Sodium Disorders in the Elderly: Therapy for Hypernatremia

Posted by James

The treatment is based on the etiology of the hypernatremia and the estimated rapidity of development. Hypernatremic patients may have low, high or normal total body sodium (Drug Depakote used in the UK and U.S. for the treatment of the manic episodes of bipolar disorder). Hypovolemic hypernatremia is a much more common entity. These patients may have evidence of ECF volume depletion and have sustained water losses that are greater than the sodium (Canadian Cozaar helps the kidneys to eliminate extra sodium and fluids) losses. On the other hand, hypernatremic patients may have evidence of ECF expansion. These are invariably patients who have received excessive amounts of hypertonic NaCl or sodium bicarbonate. This variety of hypervolemic hypernatremia is rather infrequent. Most patients with hypernatremia secondary to water loss appear clinically euvolemic with near-normal total-body sodium (Fosamax tabletes is taken for the prevention or treatment of osteoporosis in postmenopausal women and men) status on physical examination. Hypernatremia usually occurs only in those who have no access to water. The renal losses of water that lead to euvolemic hypernatremia are a consequence of a defect in vasopressin production or release, or a failure of the collecting duct to respond to vasopressin.

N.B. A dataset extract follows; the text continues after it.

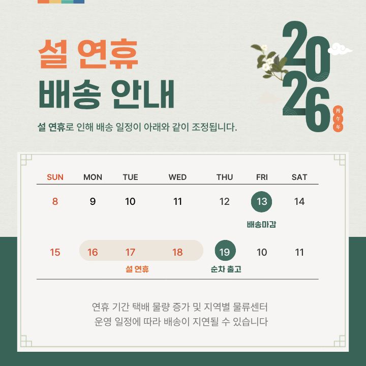· 공휴일 전날은 출고 불가하며 당일 출고건은 다음날 배송됩니다.

When hypernatremia is associated with ECF depletion, the primary therapeutic goal is to administer isotonic saline or volume expanders to improve blood pressure and end-organ perfusion. Including projected insensible loss, the estimated water deficit should be replaced over 48-72 hours. The calculation of the water deficit is described in Table 3. Hypotonic (0.45%) NaCl or 5% glucose solutions can be used to correct serum osmolality, once intravascular volume is replete.

Table 3. Calculating Free Water Excess and Deficit

Free Water Excess = TBW – {(actual serum Na/ desired serum Na) x TBW} Free Water Deficit = [(serum Na - 140J/140] x 0.6 Body Weight (kilograms)
TBW: Total body water or body weight in kilograms x 0.6
[Calculating the Effect of 1 liter of an Intravenous Solution on Serum Sodium
Change in serum Na = {[Na] infused – [Na] serum}/(total body water +1)]

By contrast, if hypernatremia is secondary to ECF volume expansion, diuretics (furosemide) can be used—but in the presence of advanced renal failure and fluid overload the patient may need to be dialyzed to treat hypernatremia. For euvolemic hypernatremic patients, oral water replacement is preferred if the patient is alert and cooperative. If oral fluids cannot be given, an intravenous infusion of dextrose in water is appropriate. An older person who does not have ongoing renal water losses can usually be treated with an infusion of 5% dextrose in water at a rate of 25 ml/hr over two-to-three days for each 5 meq/L increase in serum sodium (The active ingredient in Emulgel canadian is the non-steroidal anti-inflammatory diclofenac sodium 1% w/w). Serum electrolytes should be monitored at least daily and more frequently if the patient is severely ill, so adjustments in therapy can be made accordingly. Serum sodium level should be lowered no more rapidly than 0.5 mEq/L/hr. Excessively rapid correction may lead to cerebral edema that can progress to permanent brain injury. Vasopressin replacement is required for the treatment of central diabetes insipidus.